Parade float surrounded by plastic and people during Mardi GrasThe problem of plastic beads

Did you know that Mardi Gras parade favors (called “throws”) were not always beads? Did you know that the first beads on the scene were actually made of imported glass? Well, both of those are true. As explained in detail by this Nat Geo article, Mardi Gras throws used to be something to cherish and keep. Not to be collected and hoarded only to be discarded en mass the next day (or never even picked up at all). I can almost not get past the irony of the plastic Mardi Gras necklace. Here is an item that will last basically forever in the environment that is valued for perhaps less than 24 hours by the recipient! An NPR report from 2018 documented 93,000 pounds of beads alone were collected from New Orleans storm drains after Mardi Gras.

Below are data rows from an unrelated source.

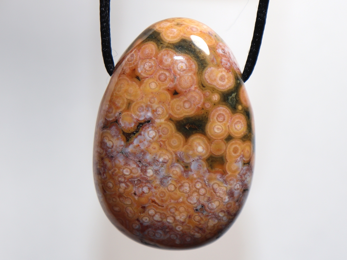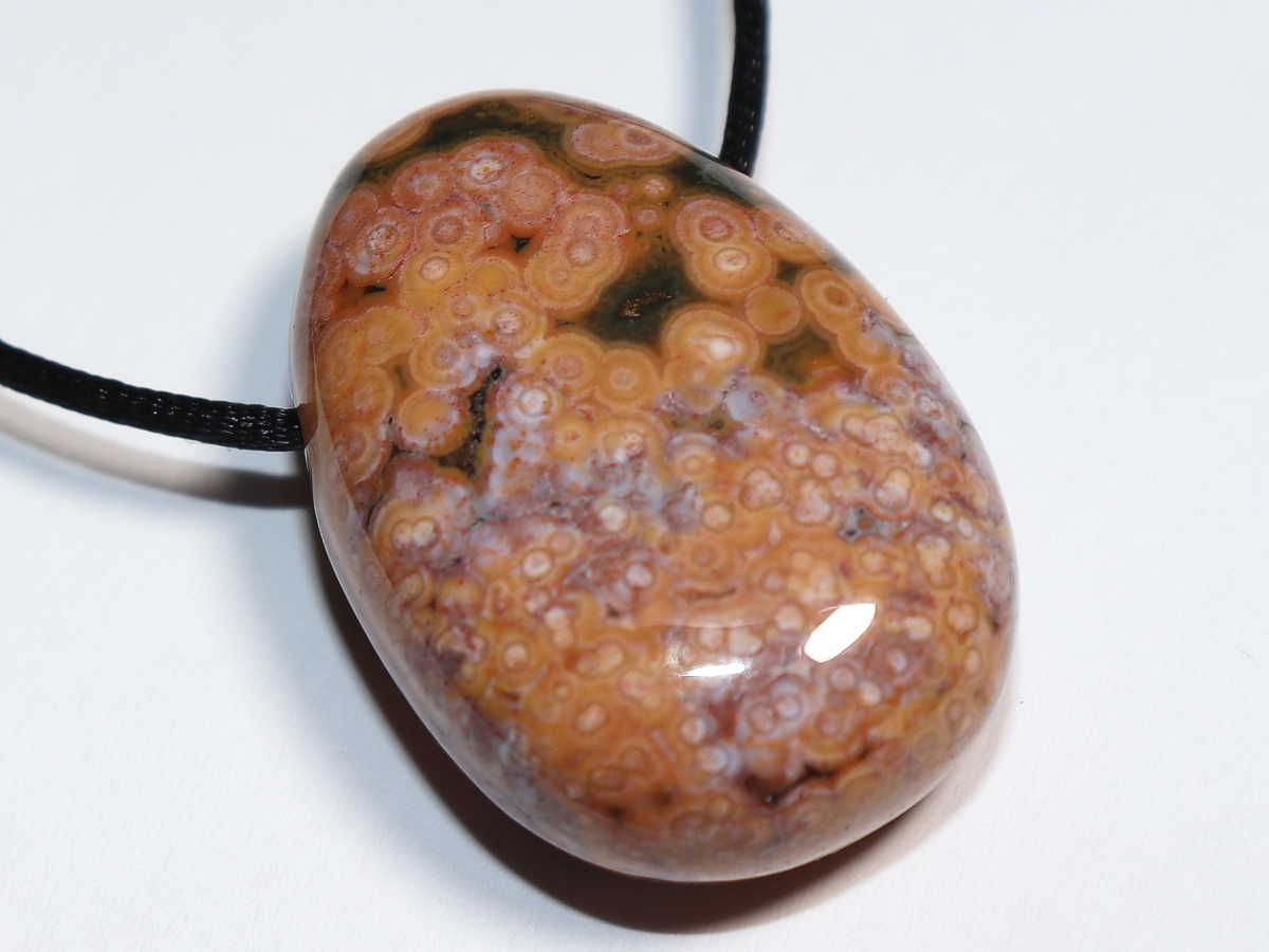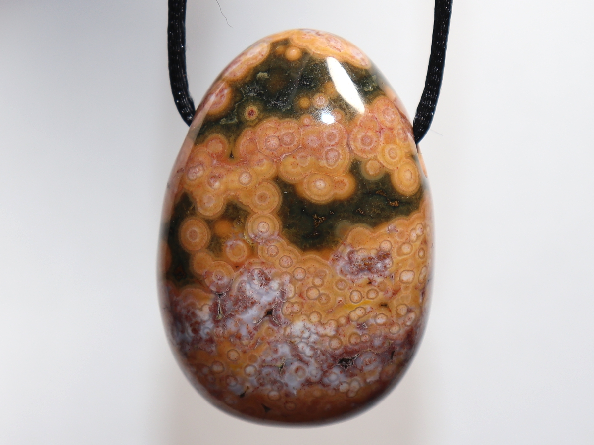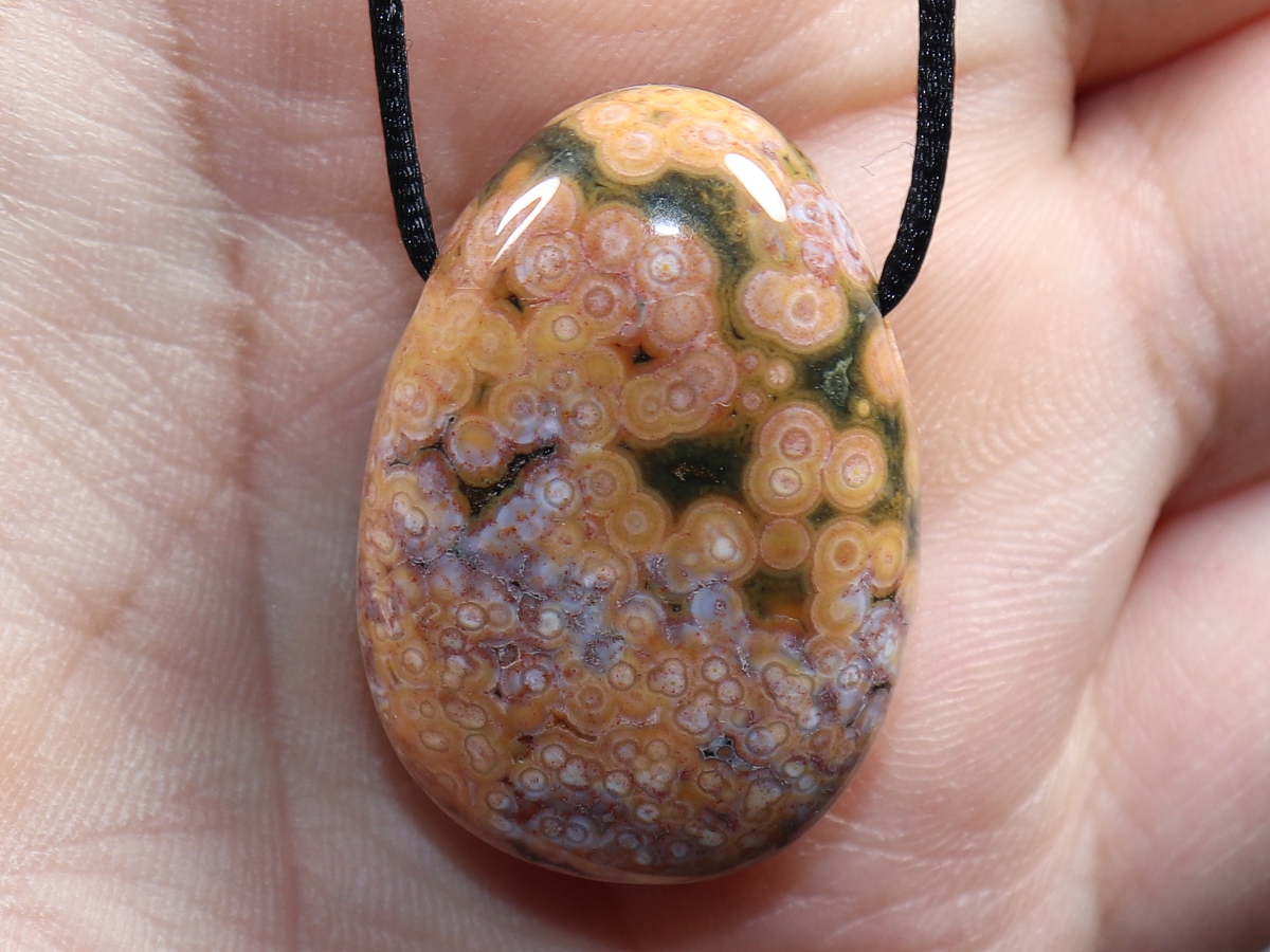 Die Halskette mit Ozeanjaspis wird nach Ihren Angaben individualisiert. Sie haben die Wahl zwischen einem schwarzen Band mit einem Verschluss aus Edelstahl oder einer Kette aus Silber 925.
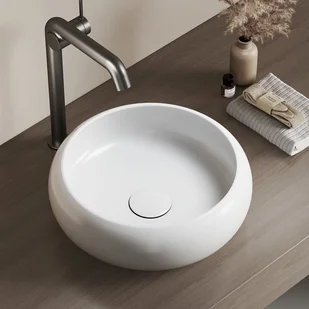 Elegancki design: Ta okrągła umywalka charakteryzuje się zaokrąglonymi liniami i nowoczesną stylistyką. Jej gładkie, delikatne krawędzie zapewniają bezpieczne użytkowanie, harmonijnie dopasowując się do różnych stylów łazienkowych
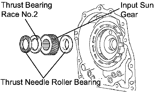 (a) Remove the 2 thrust needle roller bearings, thrust bearing race No.2 and input sun gear from the transaxle case.
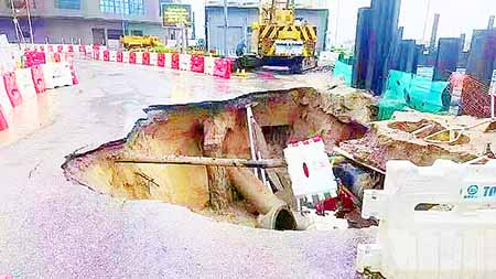 稍後,於同日早上九時許,新城A區濠江圓形地附近的封閉路段出現路陷,消防表示,現場無人員或車輛墮下,該局就事件沒有接獲相關求助。路陷現場約三米深,範圍約六米長乘六米寬,現場屬封閉路段,對公共道路沒有影響。消防到場了解後,通知現場負責人對路陷地面做圍封工作。
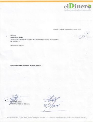 De acuerdo con Severino, la carta está fechada el 29 de octubre, pero con acuse de recibo el día 30 del mismo mes. Hernández recibió la comunicación durante una visita a elDinero para procurar una firma de quien fuera, hasta ese momento, el director de Relaciones Institucionales de la entidad que agrupa a los periodistas, comunicadores y generadores de contenido turístico de República Dominicana.

Oh, and, don’t forget Florida’s beloved Gasparilla parade. The Tampa Bay Times estimated that 225,000 pounds of plastic beads are tossed out at that event each year. About 6,000 – 8,000 pounds of beads will just be left behind on the ground.

Opt for sustainable beads

Luckily for us (and the ocean), there are more sustainable options cropping up all the time. There are companies that make paper Mardi Gras beads out of recycled magazine paper. Efforts are underway to produce other biodegradable bead options – like this project making them from algae. There are also many organizations working to increase recycling and reduce waste at these events. Examples include Keep Tampa Bay Beautiful, VerdiGras, and the Urban Conservancy. You can support these efforts by recycling beads through the programs, volunteering, making a donation, or speaking up for their cause.

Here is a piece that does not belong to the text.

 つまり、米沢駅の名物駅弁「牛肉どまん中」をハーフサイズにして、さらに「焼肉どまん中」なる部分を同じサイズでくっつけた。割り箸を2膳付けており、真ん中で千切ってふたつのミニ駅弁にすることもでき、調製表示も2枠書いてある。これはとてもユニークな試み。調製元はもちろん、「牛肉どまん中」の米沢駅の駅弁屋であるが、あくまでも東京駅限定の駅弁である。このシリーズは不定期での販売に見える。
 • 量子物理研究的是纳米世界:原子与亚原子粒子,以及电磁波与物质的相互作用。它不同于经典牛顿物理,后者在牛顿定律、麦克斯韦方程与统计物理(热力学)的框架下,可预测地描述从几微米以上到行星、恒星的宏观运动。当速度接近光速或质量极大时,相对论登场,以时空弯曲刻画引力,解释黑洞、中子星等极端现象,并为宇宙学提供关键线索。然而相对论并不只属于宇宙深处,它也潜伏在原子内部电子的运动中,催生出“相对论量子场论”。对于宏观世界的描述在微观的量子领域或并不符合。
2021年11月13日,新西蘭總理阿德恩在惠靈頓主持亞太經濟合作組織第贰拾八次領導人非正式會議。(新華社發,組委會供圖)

recycling cansCan’t avoid the plastic beads? At least recycle them!

There are increasingly more opportunities to recycle beads after large parades, such as Gasparilla. There are also organizations that clean, sort, and re-sell used beads (like the ARC of Greater New Orleans and ARC of Pensacola). Consider mailing your beads away to these organizations to be re-used, rather than throwing them away. These organizations create jobs and provide an important service to the environment.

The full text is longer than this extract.